There are many guidelines in software development. These are two prominent ones: DRY and KISS. For those who haven't heard of them, DRY stands for Don't Repeat Yourself and KISS stands for Keep It Simple, Stupid.

The underlying principle behind DRY is that there should be one authoritative source for any artifact in a piece of software. This can take different forms depending on the context. One example might be a constant literal. If a literal, for example a numeric value or a string value, exists more than one place in a program, it's a bad thing. The duplication should be removed and replaced with a named constant. The constant becomes the authoritative source for the value. This also has the side effect of making the software more readable if a good name is chosen because the meaning can be conveyed, not just the value. Another example is duplicated code. If lines of code are copied and pasted, there becomes more than one authority for the code's behavior.
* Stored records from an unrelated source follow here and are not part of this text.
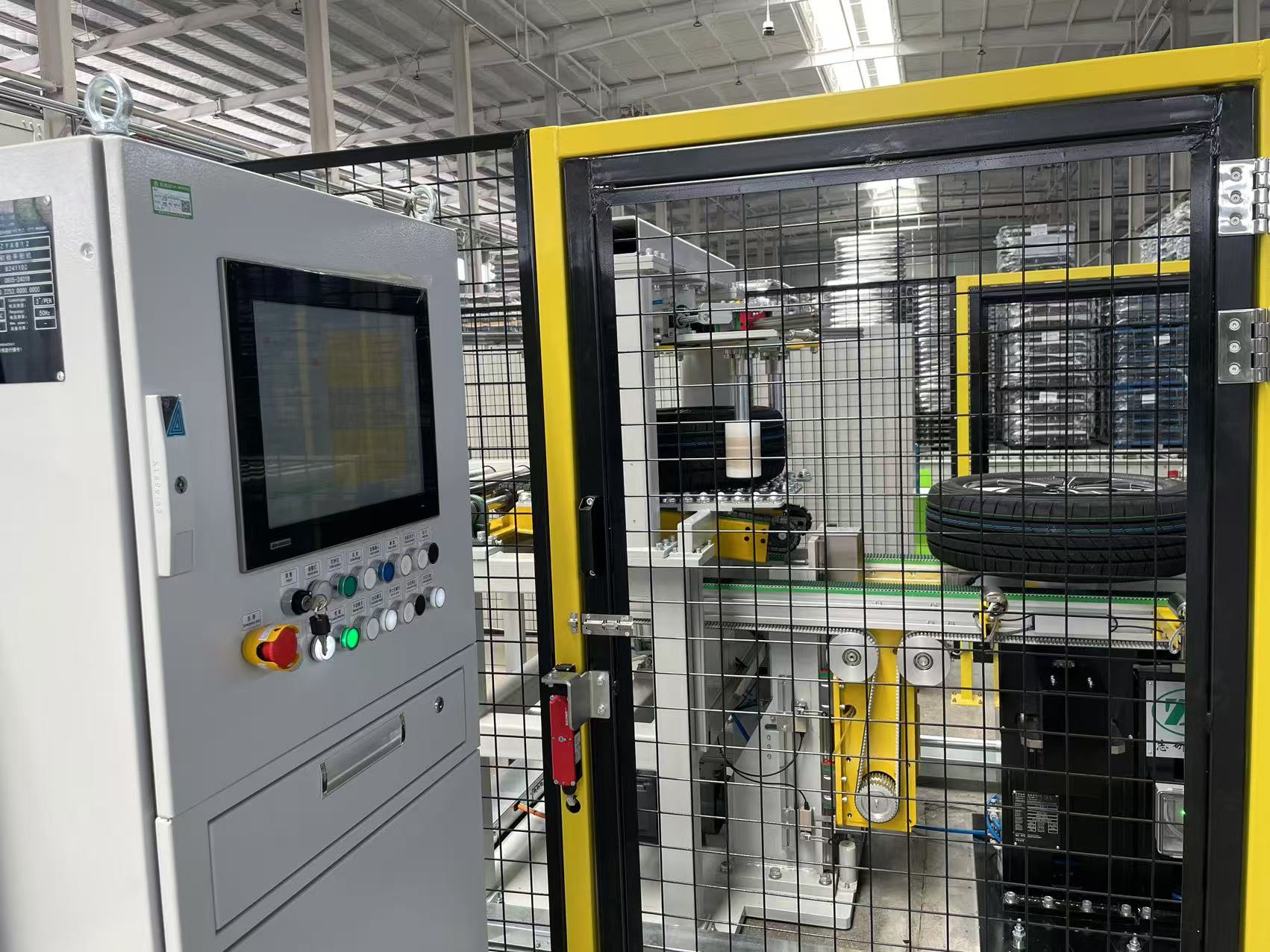 1.输送机构送入轮胎,抱中后,输送到主轴检测工位;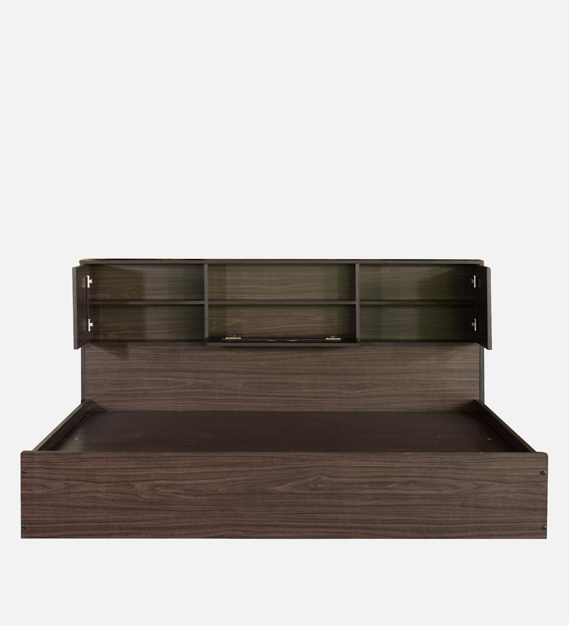 Hideki Blackline King Size Bed With Box Storage In Walnut Finish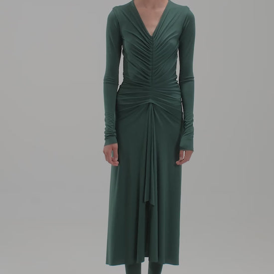 The Cardo Midi Dress features intricate front ruching and a draped skirt, creating a flattering, elongated silhouette. Designed with long sleeves and a deep V-neckline, it transitions effortlessly from day to evening with timeless elegance.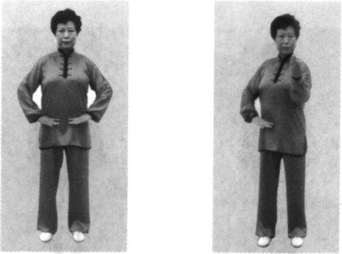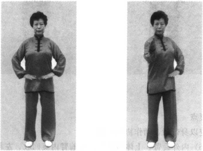 两臂屈肘上提,两手收于腰间,掌心均向下,两掌拇指侧 轻贴腰部;目前平视。(图53)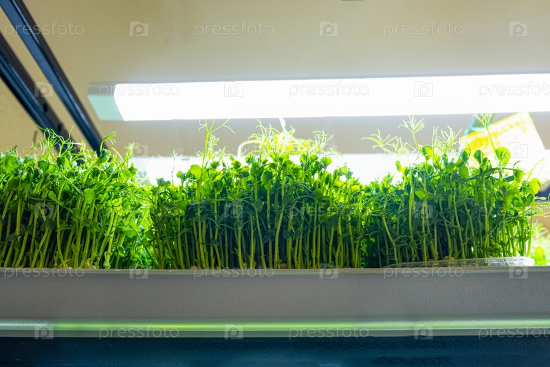 Горох. Городская ферма по выращиванию микрозелени. Экологичный малый бизнес. детские листья, фитолампа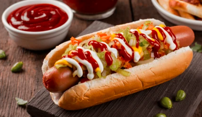 Salchicha rellena de queso, mayonesa, cátsup, mostaza, cheez whiz, jitomate y cebolla caramelizada.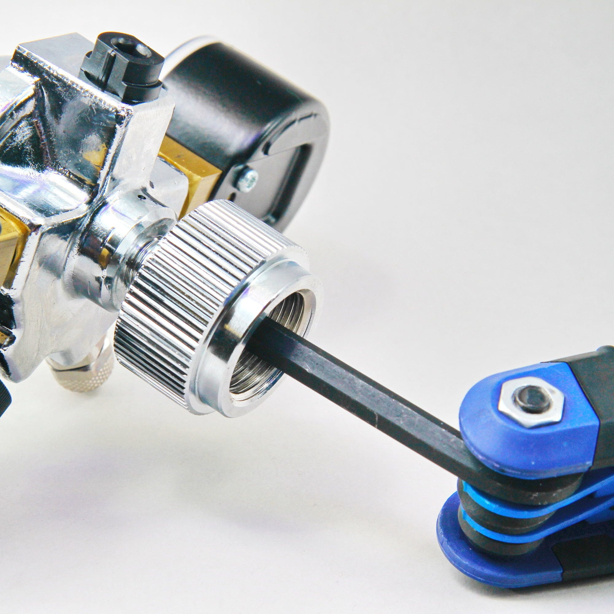 Para instalar el JBL ProFlora Adapt u-m basta con enroscar el adaptador, con una llave Allen de 6 mm (no incluida), en la rosca de la válvula reductora de presión. La tuerca anular, ahora compatible, permite la conexión a todas las botellas rellenables. La operación puede invertirse en cualquier momento. El JBL ProFlora Adapt u-m es compatible con el reductor de presión JBL ProFlora u001 Profi.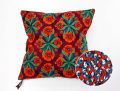 michael millerの45cm角クッションカバー。まったりとコクのあるルビーレッドをベースにこっくりオレンジの花々が美しく印象的なデザイン。他には無い配色がとても刺激的で、お部屋の雰囲気がガラッと変わります。裏側はお花のつぼみけを沢山描くデザインで、リバティプリントの様にも見えます。ルビーレッドの縁取りも素敵で全体の雰囲気をまとめあげています。裏表で別のプリントを使い、表情が変わるので2パターンで楽しめるのも嬉しいポイントです。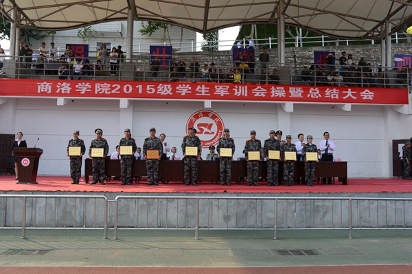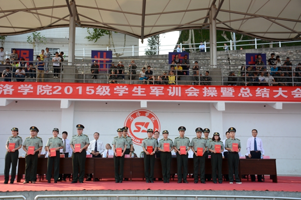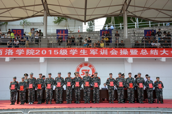 校武装部部长、军训团政委石启英宣读了2015级军训工作先进集体及个人的表彰决定。主席台上的领导和嘉宾为军训队列先进集体、军训内务先进集体、军训工作优秀教官、军训工作先进个人及军训优胜标兵代表颁发了奖牌和证书。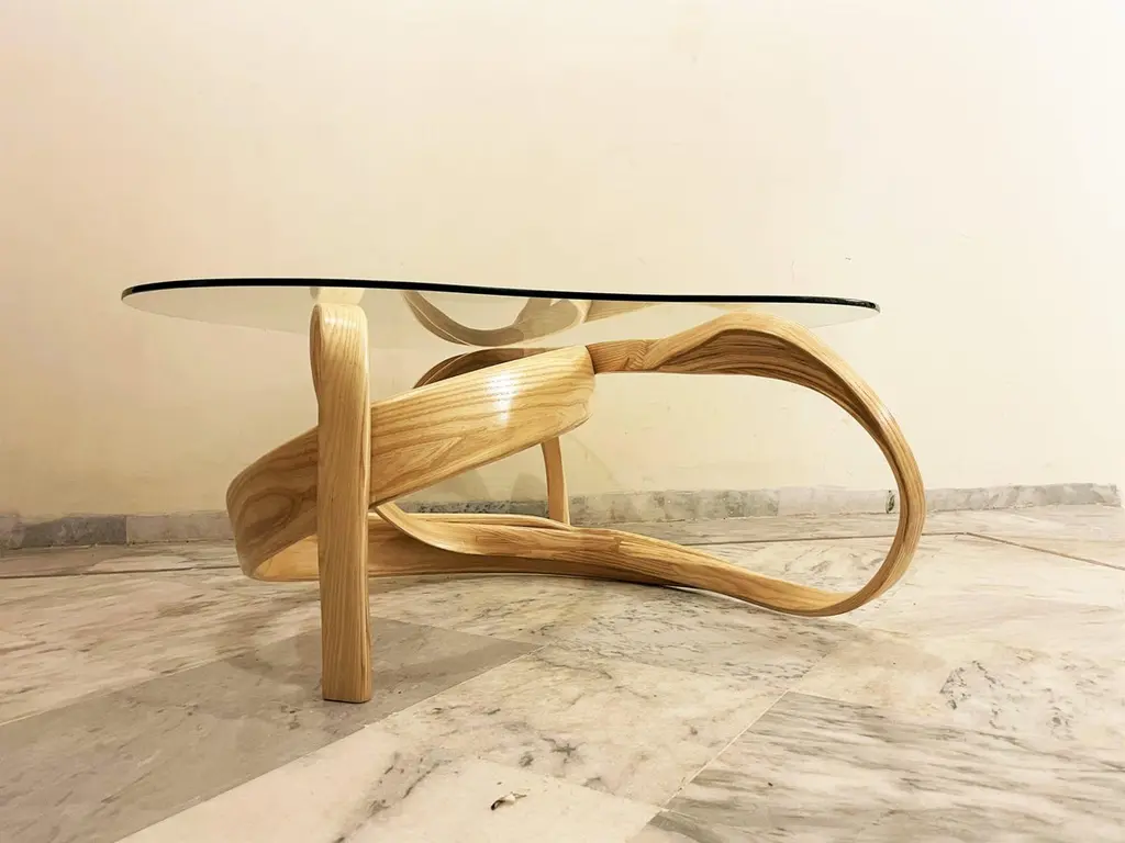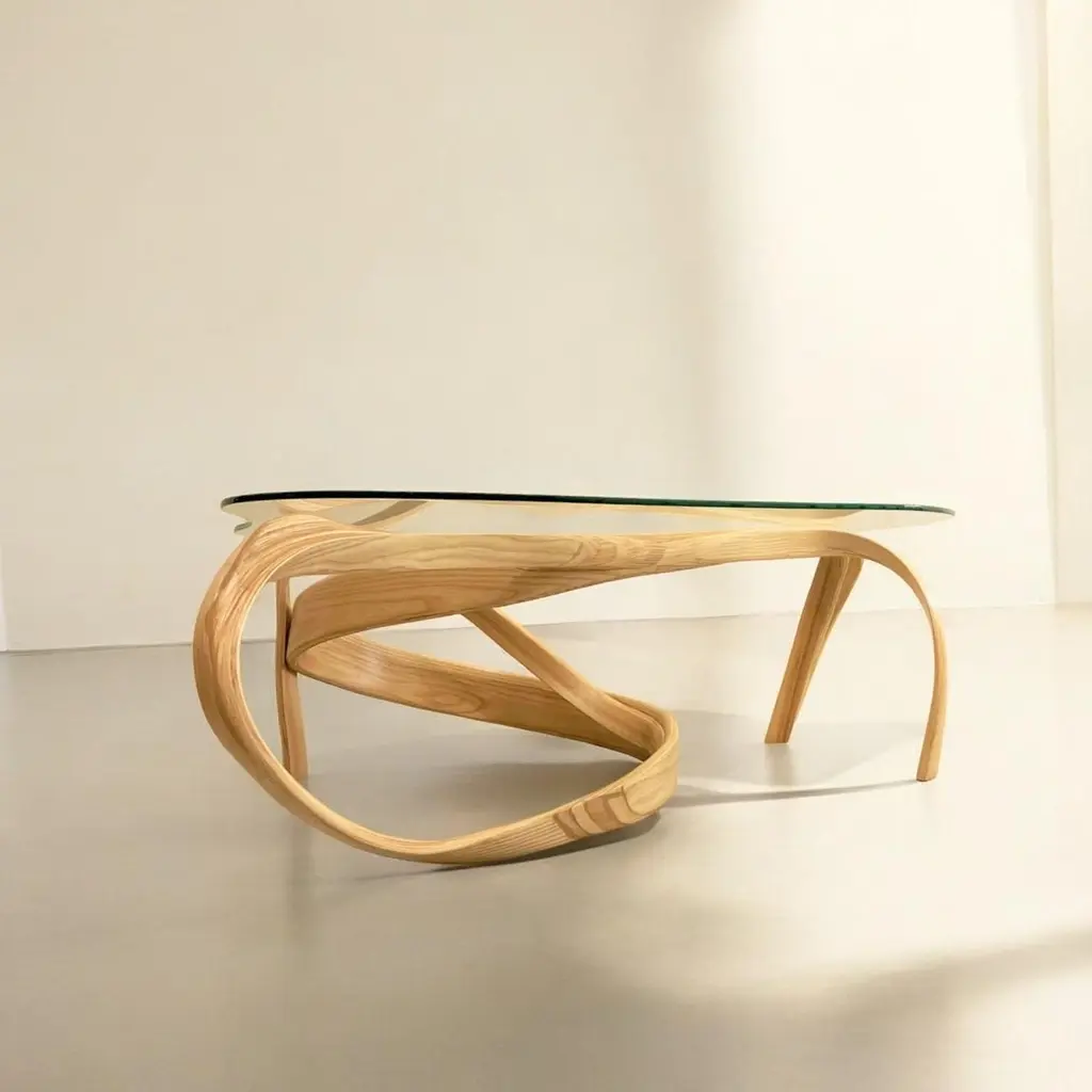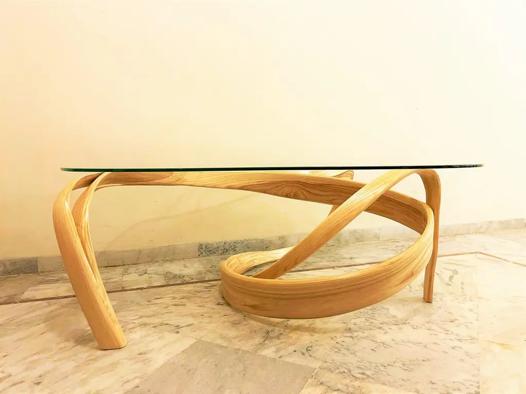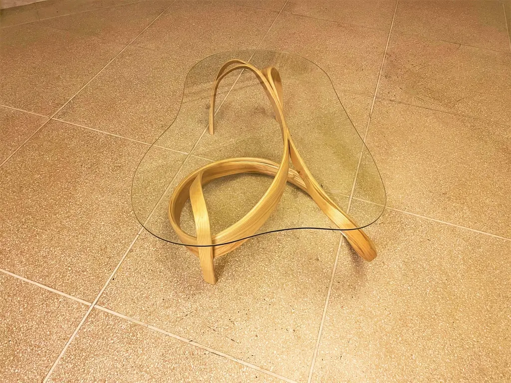 The 101 cocktail table is crafted by bending ash wood to create the base frame which balances a clear glass top which is curved to complement the frame's curves. The continuous flowing wood expands in width; giving the piece a mesmerising element.Other points worth knowing:- All of our designs are fully customizable; design, dimensions and finishes.- The design may vary slightly from the piece in the pictures since each piece is handmade.- You can choose from an array of finishes.

Instead, those duplicated lines should be put in a function that can be called from the various places the behavior is needed.

The KISS principle is based on the idea that complexity makes code that's hard to understand, maintain and debug. Code that is hard to understand will have more bugs in it to begin with and take longer to get working properly. It will also be harder for the person who has to maintain it to make changes and hence will increase the cost of ownership over the lifetime of the product.

On the surface, I think most developers will agree that both these principles are good. However, I think there is disagreement upon which one trumps the other.

An argument could be made that removing duplication increases complexity. In the examples for DRY above, adding a function or constant declaration adds indirection. As you read the code, the value is not immediately obvious and the behavior is not readily apparent. You have to go somewhere or use some feature in the IDE to find the value or determine what the routine does. In addition to readability, as you write, you have extra work to make a separate function. It is much faster to simply copy what you need and paste it somewhere else.

I understand these arguments. I know first hand the temptation to grab a section of code and paste it somewhere else. I know the pain of slowing down and having to think deeply about how to not make the duplicate copy of the code. Given all that...

DRY trumps KISS every time.

When I look at the long term maintainability, having one place where behavior or values or anything else is defined is always the better thing. I've experienced first hand maintenance of code with high levels of duplication. I have made changes in one place without knowing about the duplication and not also fixing the same code elsewhere. I have seen others do the same thing. The testing and validation in these scenarios can get very painful. When maintaining software and making changes, dealing with a single authority is much more accurate and faster, even with increased indirection.

In addition to long term maintainability when behavior should be changed, not repeating yourself reduces the chance of copy and paste errors. More times than I care to count, I've found bugs where a block of code was copied and minor changes made throughout it. Missing even one thing that should be changed will result in insidious bugs setting up residence in your application. Many times these won't be caught until much later in the product's life-cycle, increasing the cost of fixing them.

Just today I violated this principle... even after thinking "do I really want to do this?"... even with the draft of this article fresh in my mind... and I introduced a bug that took me a minute to figure out. I had these two lines:
const string name1 = "value one" ;
var value1 = !computeValueForName(name1);
That I duplicated and changed to this:
const string name2 = "value two" ;
var value2 = !computeValueForName(name1);
See the error? When I did, I promptly refactored this to:
var names = new [] { "value1" , "value2" };
var values = from n in names select !computeValueForName(n);
So, yeah, when I see violations of DRY I have almost a compulsive need to fix it. How about you?